This week's RevGalBlogPals challenge asks us to examine our connections...so here goes:
1. Self: Who was your hero/heroine when you were about ten years old?
I have always taken a shine to heroic righters of wrongs: Robin Hood, Zorro, Sherlock Holmes. I also was moved by people who overcame obstacles -- disability, prejudice -- to become change agents in the world. Those were my heroes when I was that age.
2. Family: Who are you most like? Who is most like you?
I think dispositionally I borrow heavily from both parents. But the person most like me...I think my maternal grandmother, a lady I never got to know because she died when I was maybe two. She was very creative and bright; despite a rough start in life thanks to an evil stepmother right out of a Brothers Grimm story and a life of poverty and illness, she found joy and beauty in books, in music, in nature, in the domestic arts.
3. Friends: How do you stay in touch?
The much-maligned Facebook has been a real tool for me to find and keep in touch with old friends from various ages/stages in my life. A recent find was an old penpal I hadn't been in contact with in almost 30 years.

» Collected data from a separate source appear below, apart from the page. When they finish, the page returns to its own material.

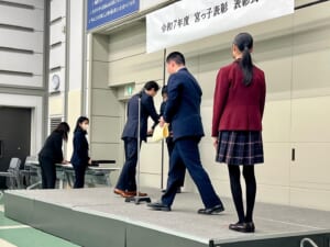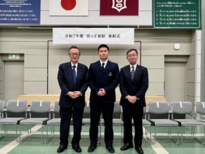 2月25日(水)、宇都宮市役所にて開催された、宮っ子表彰表彰式に行ってきました。60名あまりの受賞者のうち、中等部からは、バスケットボール部部長も担ってくれた尾股宗将さんが参加しました。主催者である宇都宮市長、宇都宮市教育委員会教育長から、本人の9年間に及ぶ努力の成果を称え、ご家族をはじめ関わった方々への感謝の大切さ、今後も自信と誇りをもって人間力を磨いていって欲しいとのエールをいただきました。また、来賓を代表して宇都宮市議会議長から、お褒めの言葉と保護者の皆様への労い、宇都宮市の宝である生徒の皆さんへの励ましの言葉などをいただきました。学院長とともに参加しましたが、尾股さんの受賞の様子はとても誇らしく感じました。その様子の一端を紹介いたします。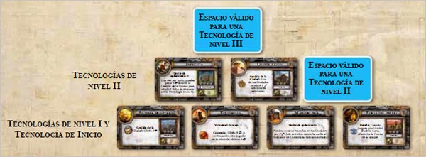 . Ahora puedes gastar los puntos de comercio que te queden en investigar una nueva tecnología. Se va formando una pirámide de tal manera que primero necesitas ciertas tecnologías de nivel 1 para alcanzar el nivel 2 y así sucesivamente. Si algún jugador llega al nivel 5, obtiene la victoria tecnológica.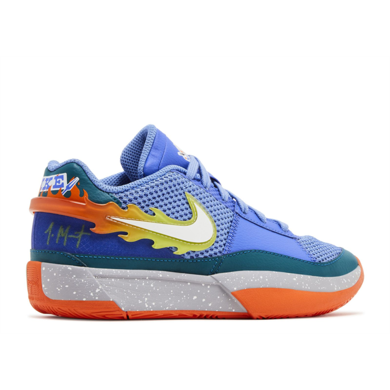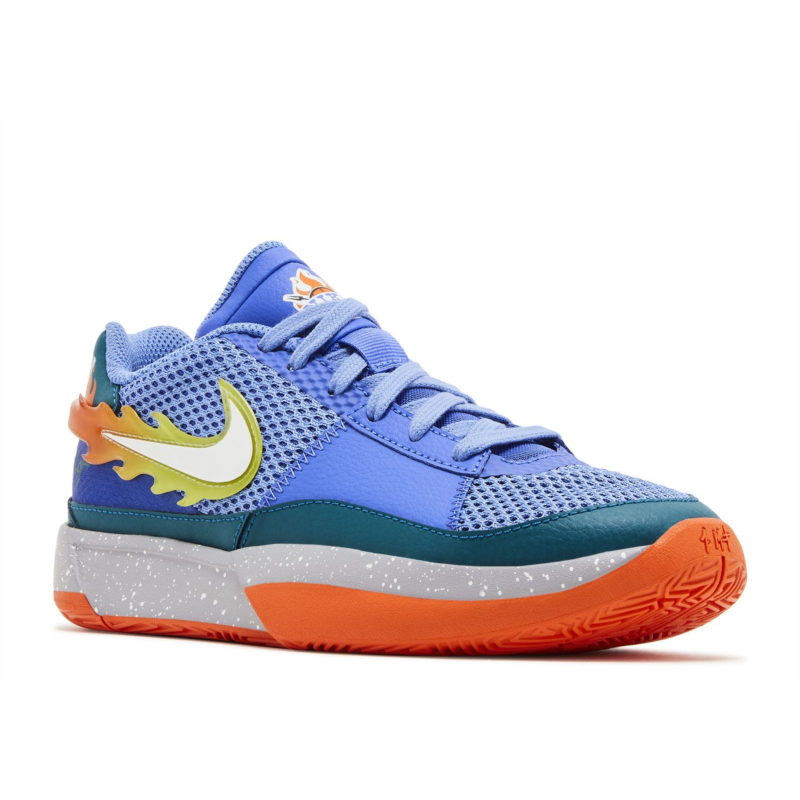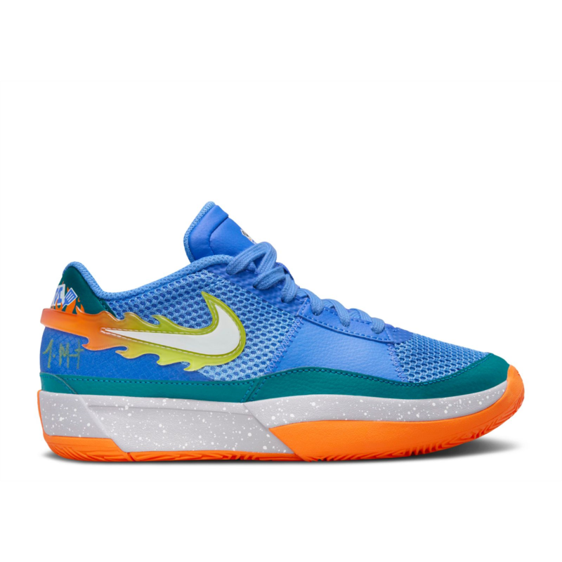 The Nike Ja 1 GS ‘Backyard BBQ’ draws inspiration from the back garden where Ja Morant played host to weekly barbecues for his friends and family. Made from a breathable pastel blue mesh, the upper gets a wraparound Swoosh outlined in orange and yellow flames. The tongue includes a tagline that reads ‘On Fire Since ‘99’ which signals Morant’s birth year. The speckled grey Phylon midsole rides on a durable rubber outsole for smooth traction.

Right now I'm trying to find friends from my "Cadillac years" (the Michigan city, not the automobile).
4. Neighborhood, community: What are ways you like to be involved?
Well, as frequent readers know, we get to know our neighbors by doing business with them. As two transplants from elsewhere, we don't have familial or social connections in our town, but we've gotten to know a lot of locals through hiring servicepeople or by patronizing farmstands and home-based businesses like our Amish friend Mary's basket and quilt shop.
5. Job/church: Do you see a need that will help in developing connections?
One of our weak areas at church is adult religious formation. I think that might someday provide a means for building relationships between people, but the trick is discerning what people need and want in terms of growing in discipleship. It's been our experience that floating new programs in a top-down way -- "We think people need X class, so here it is" -- is a sure way to fail. We've not yet discerned an organic desire for any kind of new group bubbling up within our congregation.
Bonus: Here is an interesting Pew study on social networking among older adults.
1 comment:
My cousin recently told me I reminded her of my grandmother, whom I don't remember well, so I identified with you being like your grandmother, too. Thanks for the pew study link.